YOUR OBJECTIVE » Below are entries. Give back exactly the lines from the one containing "Der schokobraune Mikrofaserbezug" through the one containing "For a limited", inclusive, without the pictures.

SOURCE INFORMATION »

◆ ◆ ◆ ◆ ◆ ◆ ◆

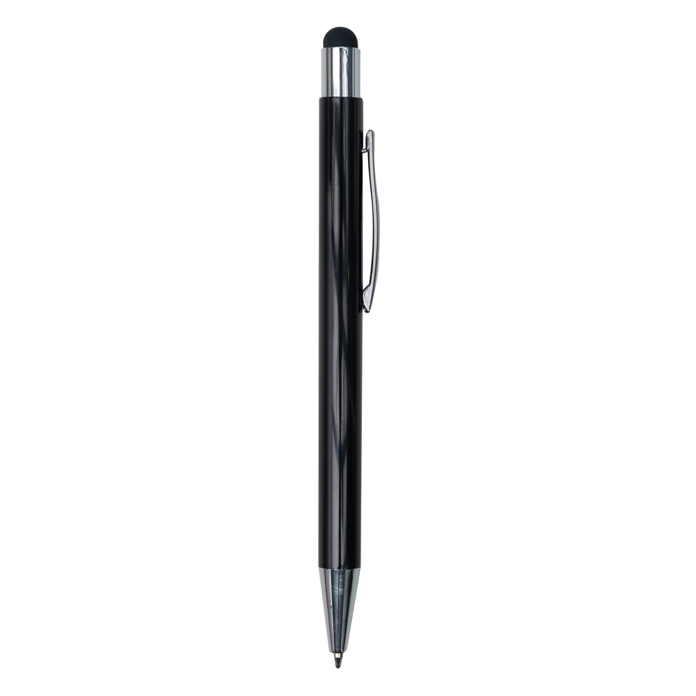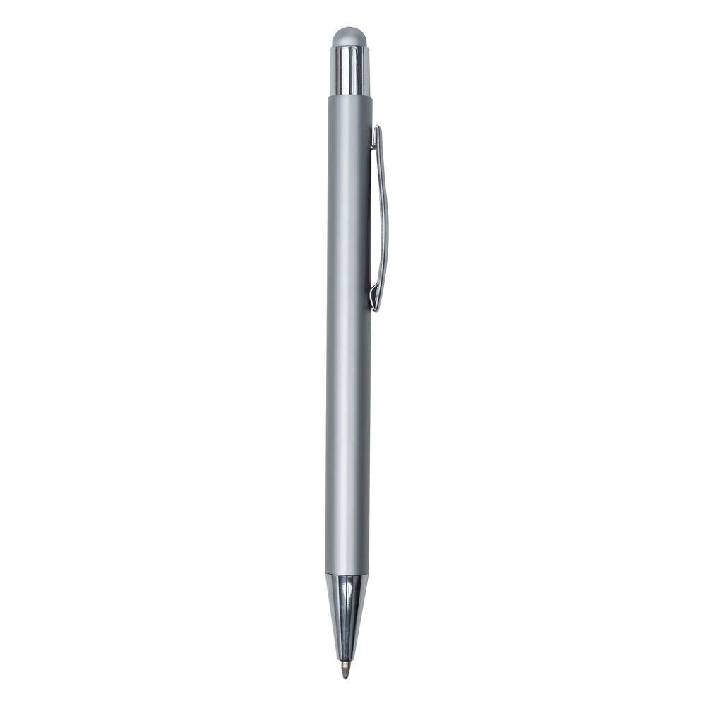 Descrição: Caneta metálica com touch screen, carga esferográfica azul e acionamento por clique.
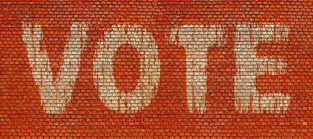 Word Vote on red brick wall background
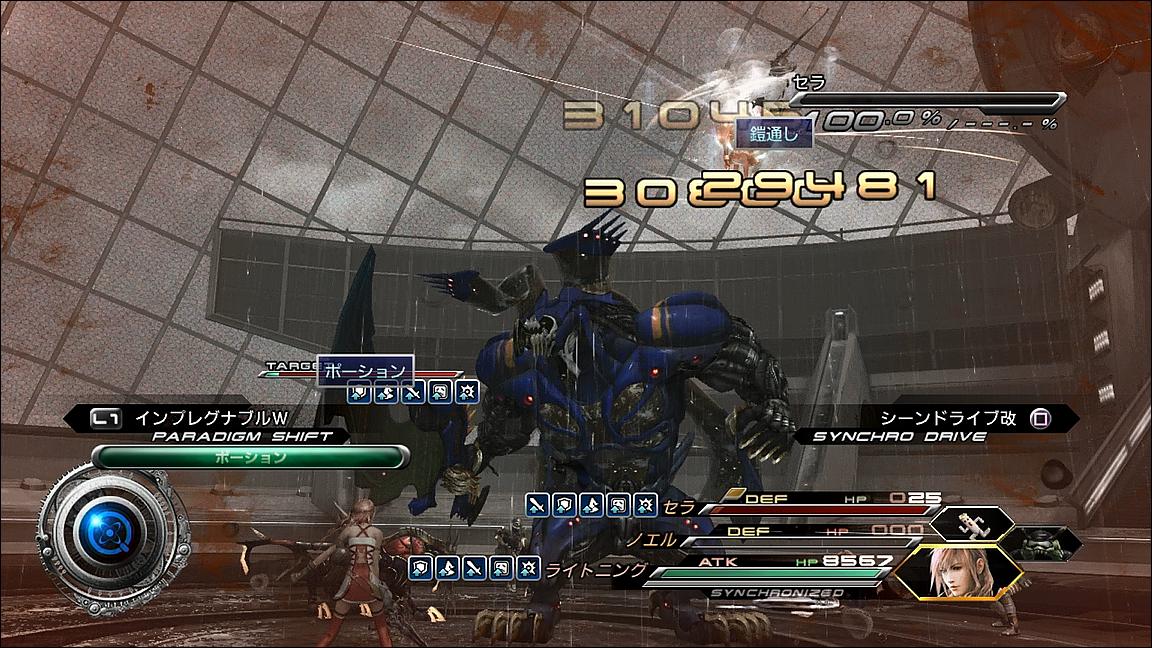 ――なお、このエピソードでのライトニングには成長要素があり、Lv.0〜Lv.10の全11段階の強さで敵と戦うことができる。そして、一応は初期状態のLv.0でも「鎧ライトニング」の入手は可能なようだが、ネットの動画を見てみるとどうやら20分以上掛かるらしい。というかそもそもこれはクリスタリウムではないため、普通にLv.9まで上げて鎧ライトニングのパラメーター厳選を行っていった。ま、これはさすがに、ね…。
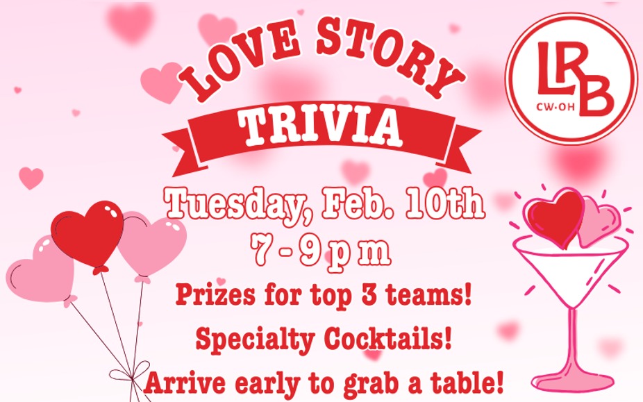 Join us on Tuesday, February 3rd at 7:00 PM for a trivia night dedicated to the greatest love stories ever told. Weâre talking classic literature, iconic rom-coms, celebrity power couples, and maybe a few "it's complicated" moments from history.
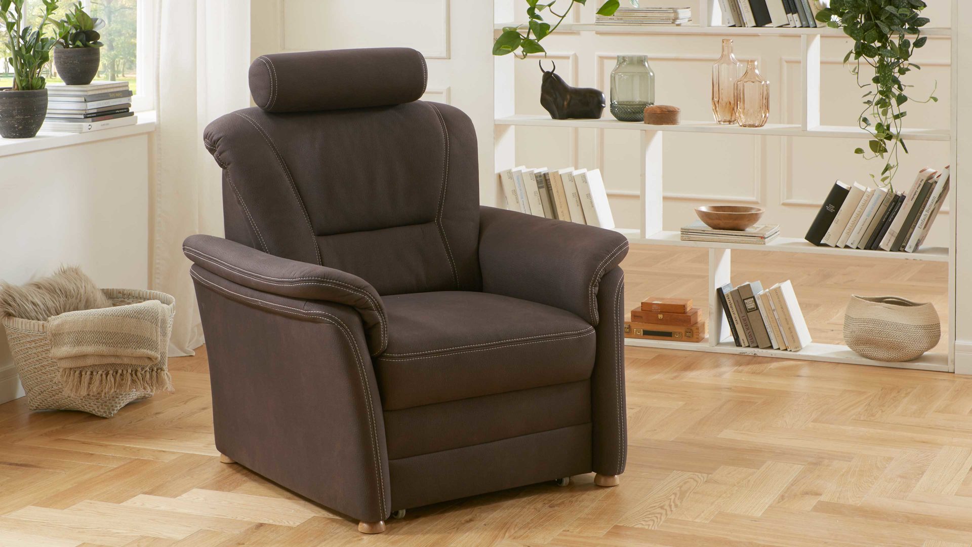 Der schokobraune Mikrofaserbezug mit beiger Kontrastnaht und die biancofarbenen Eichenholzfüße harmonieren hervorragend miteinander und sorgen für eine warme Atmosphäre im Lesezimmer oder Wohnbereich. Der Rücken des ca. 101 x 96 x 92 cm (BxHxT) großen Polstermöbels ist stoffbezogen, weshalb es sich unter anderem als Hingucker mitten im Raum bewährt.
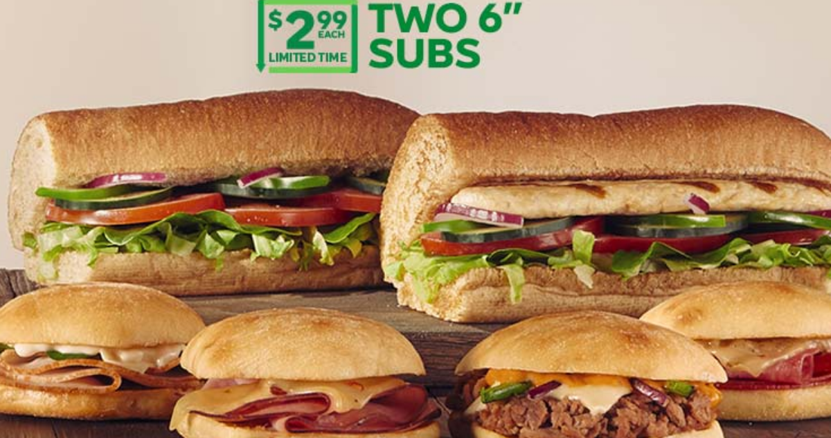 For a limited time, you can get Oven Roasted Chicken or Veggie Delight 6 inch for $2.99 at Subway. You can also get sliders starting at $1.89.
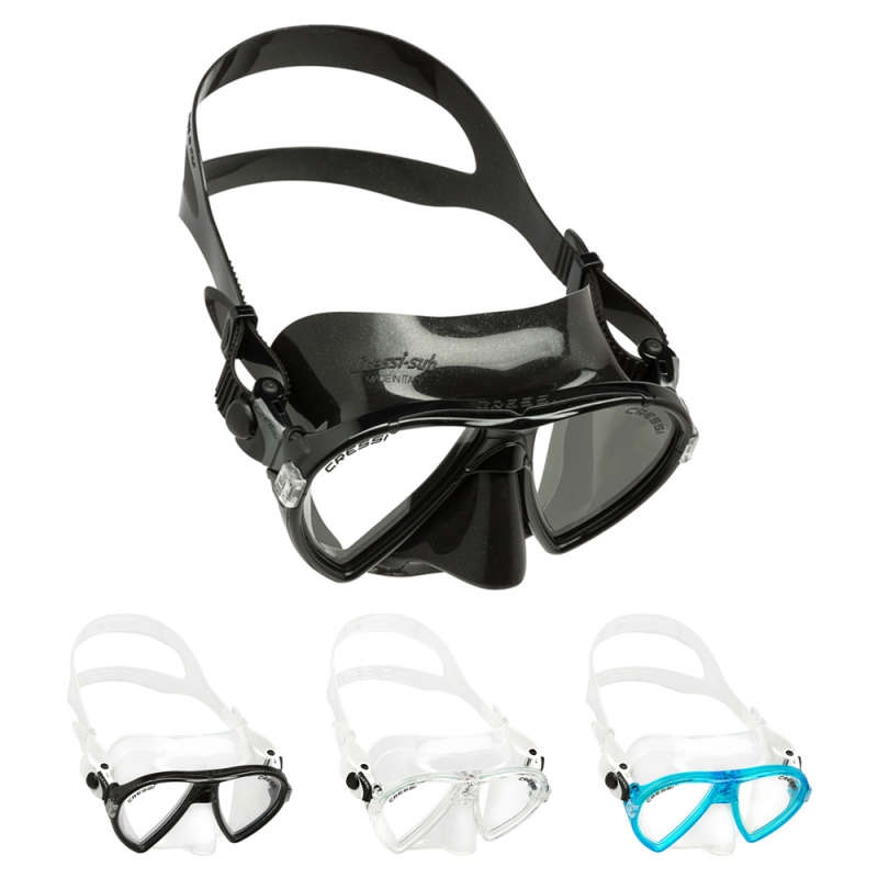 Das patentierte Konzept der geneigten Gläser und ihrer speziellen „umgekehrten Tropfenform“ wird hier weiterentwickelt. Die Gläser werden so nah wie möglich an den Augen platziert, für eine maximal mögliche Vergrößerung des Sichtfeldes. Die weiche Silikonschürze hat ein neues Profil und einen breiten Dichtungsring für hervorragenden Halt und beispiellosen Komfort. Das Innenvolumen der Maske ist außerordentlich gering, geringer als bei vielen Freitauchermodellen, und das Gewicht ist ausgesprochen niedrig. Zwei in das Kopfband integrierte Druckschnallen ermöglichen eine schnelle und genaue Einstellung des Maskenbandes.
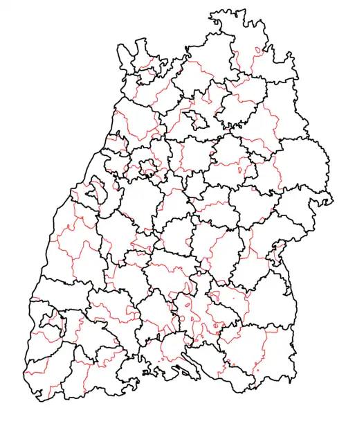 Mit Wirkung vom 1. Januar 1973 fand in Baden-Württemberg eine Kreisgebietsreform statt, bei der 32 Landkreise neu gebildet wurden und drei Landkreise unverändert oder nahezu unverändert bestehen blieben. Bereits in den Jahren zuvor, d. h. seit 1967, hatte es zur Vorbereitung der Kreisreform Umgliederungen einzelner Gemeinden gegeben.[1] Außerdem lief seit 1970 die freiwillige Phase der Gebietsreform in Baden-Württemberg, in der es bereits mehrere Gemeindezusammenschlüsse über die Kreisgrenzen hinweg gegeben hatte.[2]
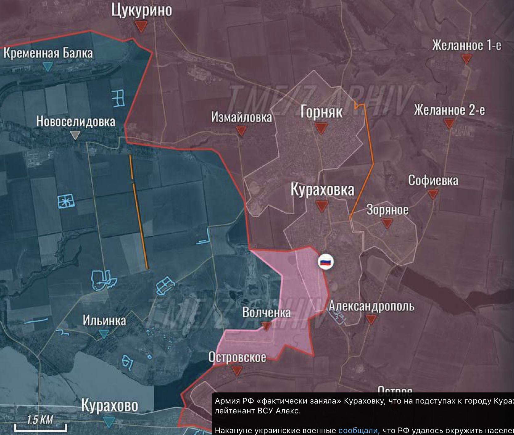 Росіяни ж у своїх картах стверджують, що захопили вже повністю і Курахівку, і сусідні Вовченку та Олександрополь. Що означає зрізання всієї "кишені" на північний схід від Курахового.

◆ ◆ ◆ ◆ ◆ ◆ ◆

SOLUTION TO THE PROBLEM »
 Der schokobraune Mikrofaserbezug mit beiger Kontrastnaht und die biancofarbenen Eichenholzfüße harmonieren hervorragend miteinander und sorgen für eine warme Atmosphäre im Lesezimmer oder Wohnbereich. Der Rücken des ca. 101 x 96 x 92 cm (BxHxT) großen Polstermöbels ist stoffbezogen, weshalb es sich unter anderem als Hingucker mitten im Raum bewährt.
 For a limited time, you can get Oven Roasted Chicken or Veggie Delight 6 inch for $2.99 at Subway. You can also get sliders starting at $1.89.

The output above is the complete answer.